Selon eux, le Pont Caché, près duquel vit Martin est éloigné de vingt-cinq kilomètres environ, nous pourrons y être vers sept heures.

 

Nous avançons. Soleil fort. Les étendues salées sont entrecoupées d’immenses pampas sèches. L’une après l’autre. L’une derrière l’autre. Insensiblement j’ai glissé dans un autre temps. Mes habitudes sont celles du cheval. Les repères sont le matin et le soir, la direction à choisir, la pitance des chevaux. Comment on est, son cheval et soi. L’accord, devenu immédiat dans ses variations, du rythme de l’un et de l’autre. Je somnole, mais relève les rênes instantanément quand il trébuche. Peut-être somnole-t-il aussi, et cette sieste à deux porte doucement nos rêves. Que sont les rêves des chevaux ?

 

 

Un homme à vélo dévale la pente dans notre direction. On aperçoit au loin l’unique peuplier de sa petite masure. Il vit seul. Voilà deux mois qu’il n’a vu personne. Il vient pour parler.

« –  Alors, comme ça, vous êtes en voyage. »

 

César a le même ton que Valentin. Il parle vite, si vite que les mots se mélangent, il veut tout dire, du temps, des moutons, des chevaux, du moulin et de l’eau. Selon lui il resterait encore six heures pour atteindre le Pont Caché, a puro tranco6.

 

Il est déjà cinq heures de l’après-midi. Les nuages occultent le soleil.

 

 

 

Ils ne pouvaient pas s’en apercevoir à cause du vent devenu froid, des nuages devenus gris : l’espace maintenant reculait. Le chemin allait tout droit mais il montait, pente insensible qui fatiguait les chevaux. Gris lui aussi, poudreux dans la poussière sombre de la lave. Avant qu’il ne fut nuit, ils resanglèrent. Puis marchèrent devant les chevaux. Puis rééquilibrèrent le bât, mais il leur fallut tout descendre et tout réinstaller. En selle.

 

Le jour a disparu. Pas d’étoiles.
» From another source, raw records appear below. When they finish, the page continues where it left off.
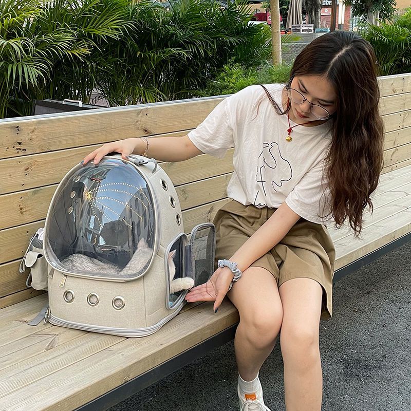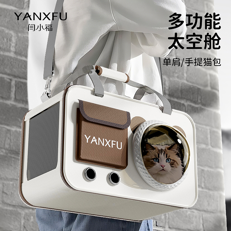Yan Xiaofu Tas Kucing Kapsul Luar Angkasa Tas Keluar Hewan Peliharaan Kapasitas Besar Portabel Tas Ransel Kucing Tas Anjing Model Ringan
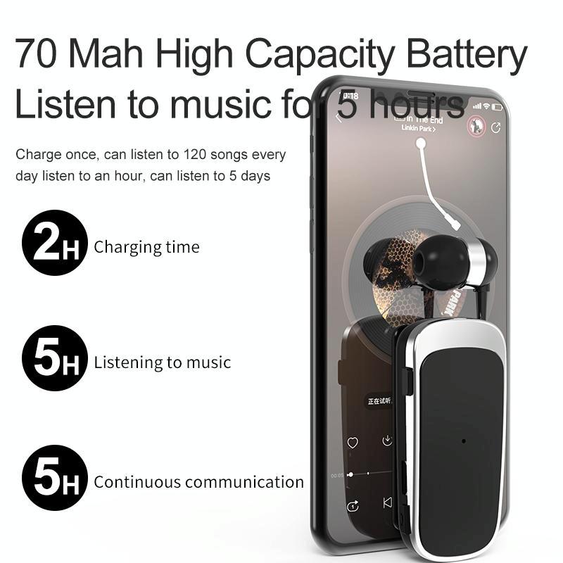 11. The earpiece has a retractable pull-wire function design, so there is no need to put the earphone in the ear for a long time
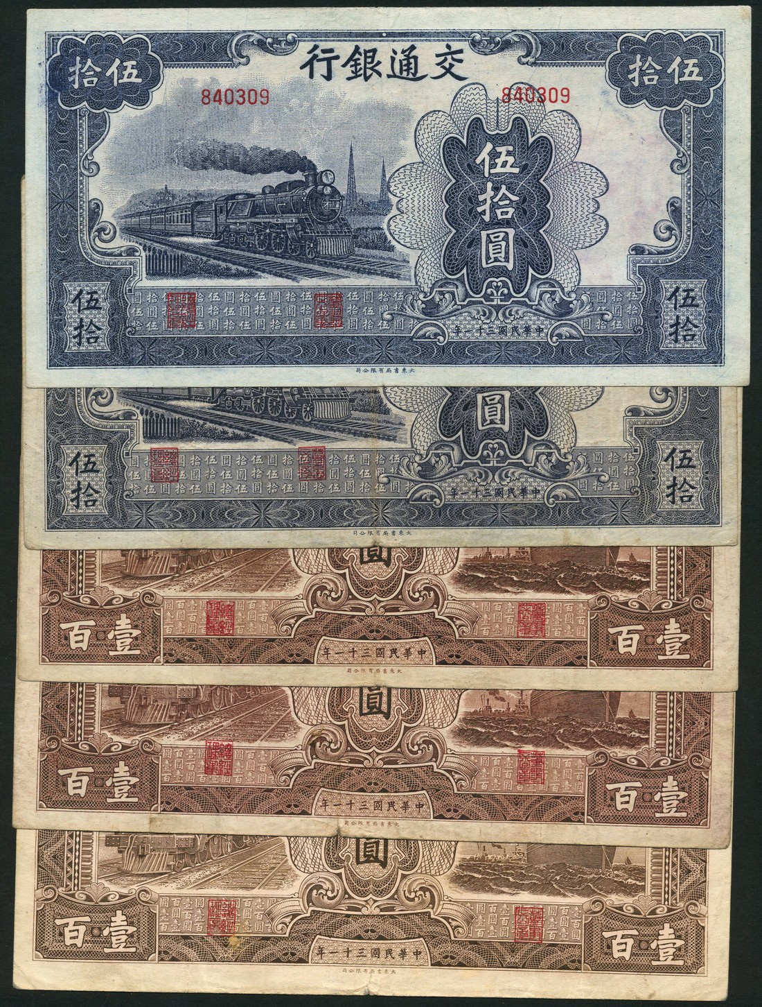 Bank of Communications, 50 yuan (2), 1942, purple, locomotive, also 100 yuan (3), brown, locomotive at left, steamship at right
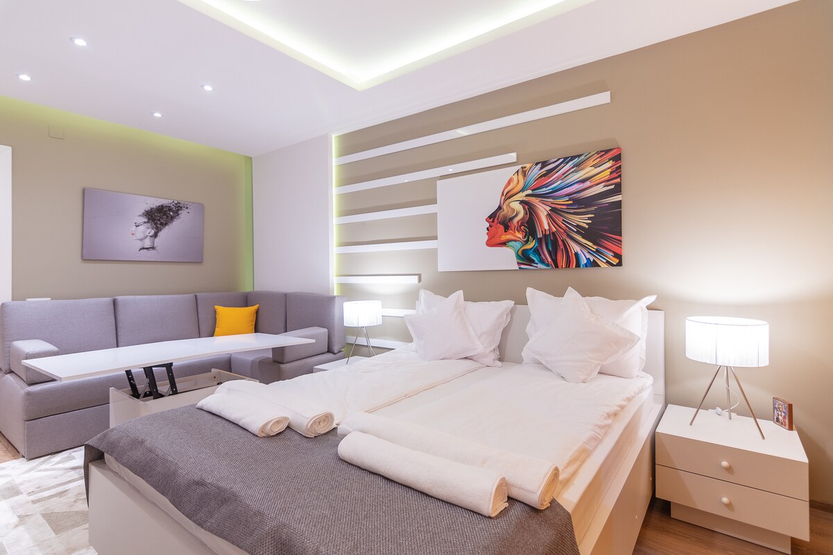 Bucură-te de confortul unei garsoniere în zonă centrală, amenajată cu grijă pentru ca tu să te simți "ca acasă, departe de casă". Situată într-o zonă liniștită, cu vedere spre parcare direct de la fereastră, această locuință oferă toate facilitățile necesare pentru o ședere plăcută, fie că vii pentru relaxare, muncă sau explorarea orașului. • Pat generos 160x200 cu saltea ortopedică • Aer condiționat • Smart TV • Wi-Fi • chicinetă: plită cu inducție, cuptor cu microunde, cafetieră, fierbător
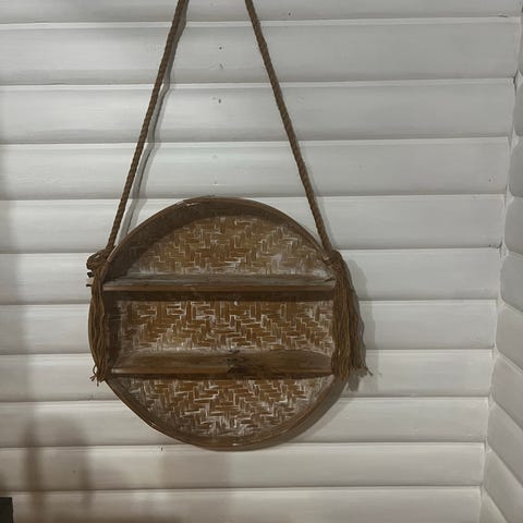 Myydään tukeva hylly. Seinässä ei ole koskaan ollut kiinni. Hylly on ollut tv-tasona ja hyllyssä reijät jalkojen kiinnityksestä ks. toinen kuva. Yksi kulma vähän repsottaa ks. kolmas kuva.
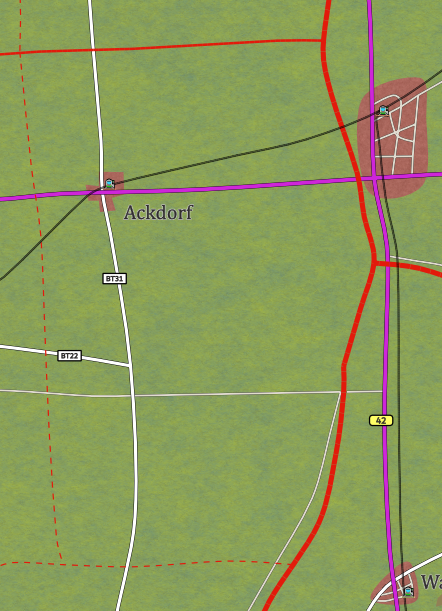 Die Hauptstraße von Ackdorf, die Dorfallee, ist eine breite, von alten Eichen gesäumte Straße, die das Herz des Dorfes bildet. Entlang dieser Straße befinden sich die meisten Häuser und Einrichtungen des Dorfes, darunter das Rathaus und das Feuerwehrhaus.
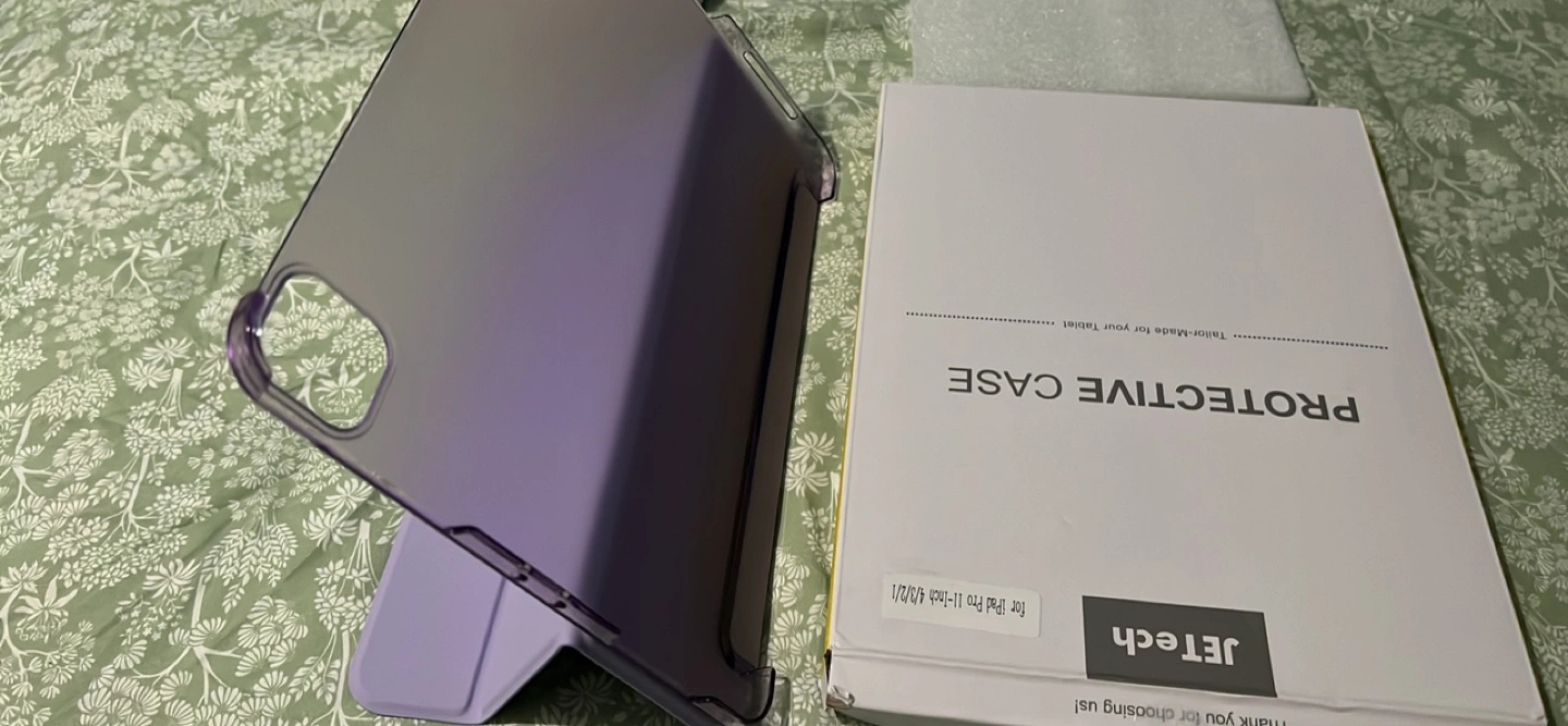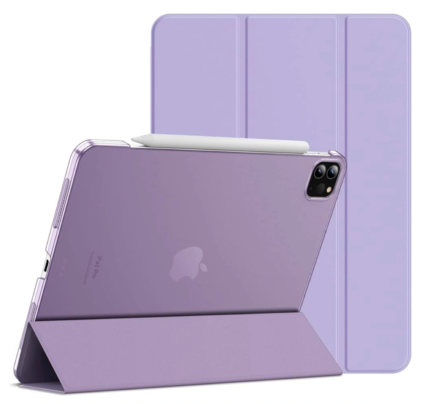 Protective case for tablet. Light purple colour. Features auto sleep/wake function. Foldable stand design. Made of durable material. iPad Pro 11 inch 2018, 20, 21, 2022 model compatible case cover.
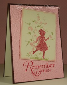 I used the Confetti Cream Card Stock to stamp the girl I used both the Rose Red Marker on the girl and the Old Olive marker on the grass area, after stamping down my little girl, I again stamped her on a post it note so that I could cut her out and use her as a mask to then stamp my blossoms, after using the markers on the stamp.
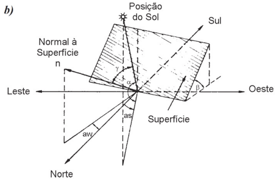 Ângulo Azimutal do Sol (as ):É o ângulo entre a projeção dos raios solares no plano horizontal e a direção Norte-Sul. Tem as mesmas convenções que o Ângulo Azimutal de Superfície.
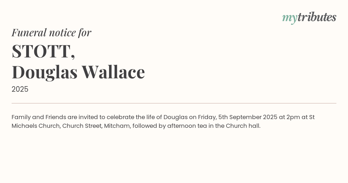 16°CFamily and Friends are invited to celebrate the life of Douglas on Friday, 5th September 2025 at 2pm at St Michael’s Church, Church Street, Mitcham, followed by afternoon tea in the Church hall.
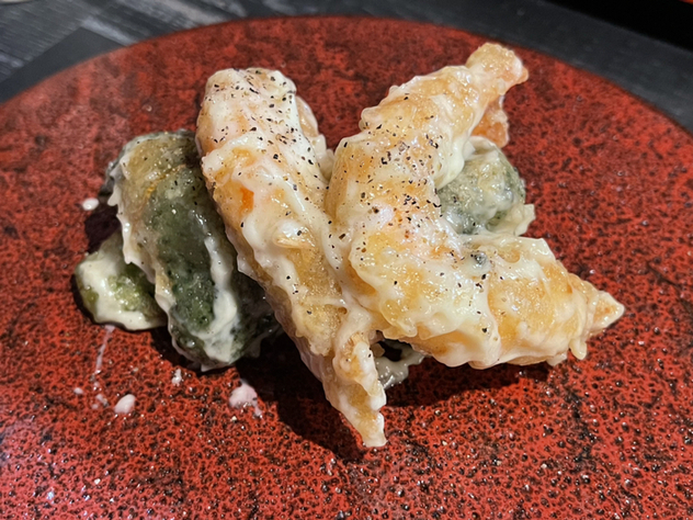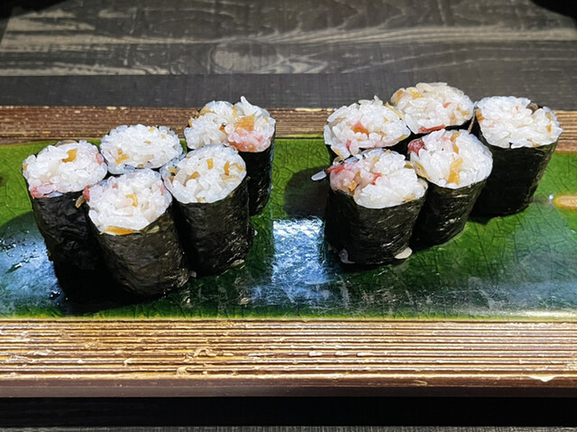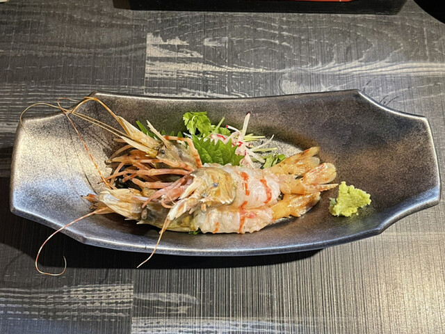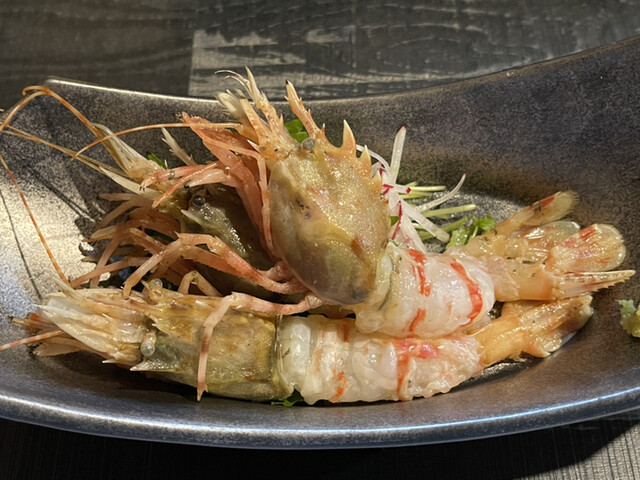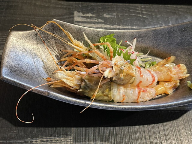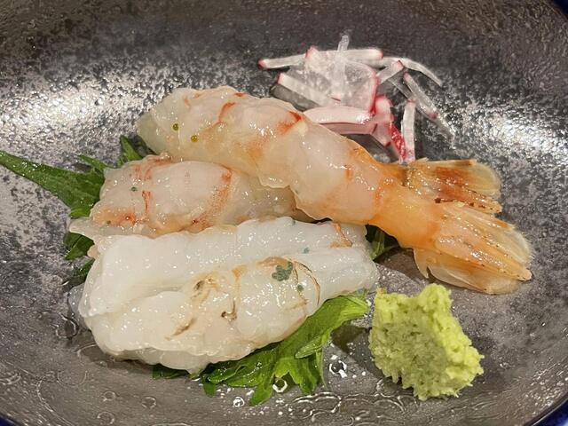 猛者海老と鬼海老の白醤油漬け。メニューでは猛者海老だが、1本鬼海老をまぜてくれた。刺身よりもおいしいかも。
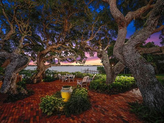 The Ultimate escape on the Gulf of Mexico in Sarasota, Florida... Imagine Quarantining with your loved ones in this gated, Bayfront Compound Estate with plenty of room for Social Distancing and located on the private north end of the island of Casey Key with deeded access to your private beach. Here you will find the main house with 5 bedrooms, 5 full baths and powder room, an ensuite guest house, and a separate bunk house with private bath, offering nearly 7000 square feet of charming living space. The property is ideally situated on 1.2 acres on the ICW complete with a 24-foot boathouse, and a separate dock accommodating a 45-foot boat. The stately oaks, palms and mature landscaping throughout offer serenity and peacefulness. With 3600 square feet of outdoor living space including an outdoor kitchen and dining area, two second story decks and porch overlooking magnificent sunrises and sunsets that you will never tire of watching. Water spaces within the estate include a spacious walled heated pool and screened courtyard with fountains and varied Florida flora specimens. Built in 1937 and one of the oldest and lovingly well maintained homes on the Key, it is reminiscent of Casey Key when vacation cottages were built for entertaining in harmony with the naturalness of the Island environment.
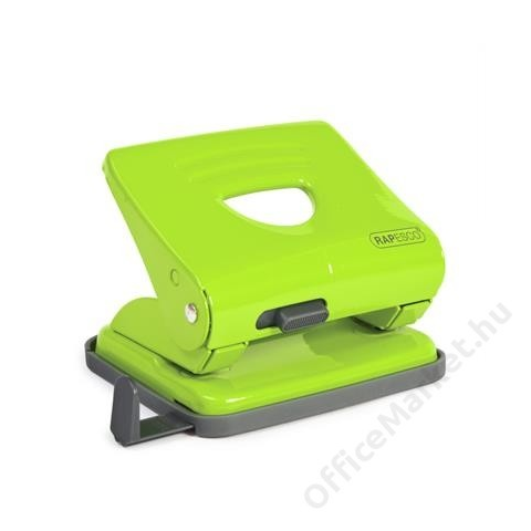 Lyukasztó, kétlyukú, 25 lap, fém, RAPESCO 825, zöld (IR1361) Praktikus kiegészítője minden asztalnak! -kézi kétlyukú lyukasztó -fém borítás, fém szerkezet -könnyen üríthető konfetti tartály -feliratozható névtábla -lyuktávolság: 80 mm -könnyített lyuk

Neuf heures du soir. Le Pont Caché était encore loin, tapi dans la vallée profonde, ils n’avaient pas franchi le col.

 

Le chemin montait toujours. Ils n’avaient rien mangé depuis la demi-pomme du matin. Ne s’étaient arrêtés que chez Valentin et pour César.

«– Ton Martin, tu le connais bien ?

– Oui.

– Quand l’as-tu vu pour la dernière fois ?

– Il y a cinq ou six ans quand je faisais mes tournées avec le camion bleu. »

 

Voilà ce qu’ils se disaient dans la nuit noire et le vent apaisé. Ils étaient devenus sensibles à la température des masses d’air qu’ils traversaient, ainsi quand on nage en pleine mer, on sent sur la peau les changements de température de l’eau, et la différence des odeurs, celles de la mer elle-même, celles portées au ras de l’eau par la brise. Pour eux, ici, les odeurs étaient la violence des buissons d’encens, la persistance du thym sauvage, la senteur inimitable, enivrante, musquée de ces touffes aux feuilles résinées et aux fleurs jaune.

 

Odeur des chevaux harassés, oiseaux de nuit, lièvres ou tatous qui s’enfuyaient à la dernière minute, apeurés.

 

 

 

On finit par voir beaucoup de choses, la nuit. Les noirs sont inégalement denses, le sombre a une multiplicité de nuances. Les masses de la végétation défilent de chaque côté de soi, la ligne des crêtes, les reliefs tapis, je vois le paysage bouger au rythme unique du pas du cheval. Parfois, il s’arrête. Il a ses raisons. J’attends, il repart. Je lui parle doucement. Puis c’est une tranquera7 compliquée qui nécessite la lampe électrique : les chevaux sont brusquement agités, ils sont désorientés, ils savent qu’ils ont maintenant perdu le chemin du retour. Et tout de suite la pente s’inverse, l’air qui monte de la vallée est chargé d’odeurs différentes, il est chaud, d’une douceur de sable. Nous marchons devant sur le chemin à peine entrevu, ils récupèrent derrière nous un pas serein.

 

Le Pont Caché. Minuit. Nous avons bien parcouru cinquante kilomètres.

 

Minuit. à cheval, immobiles, nous frappons dans nos mains, confiants. Crions à tour de rôle le nom de Martin. Les chiens se réveillent, six ou sept, et commencent leur raffut.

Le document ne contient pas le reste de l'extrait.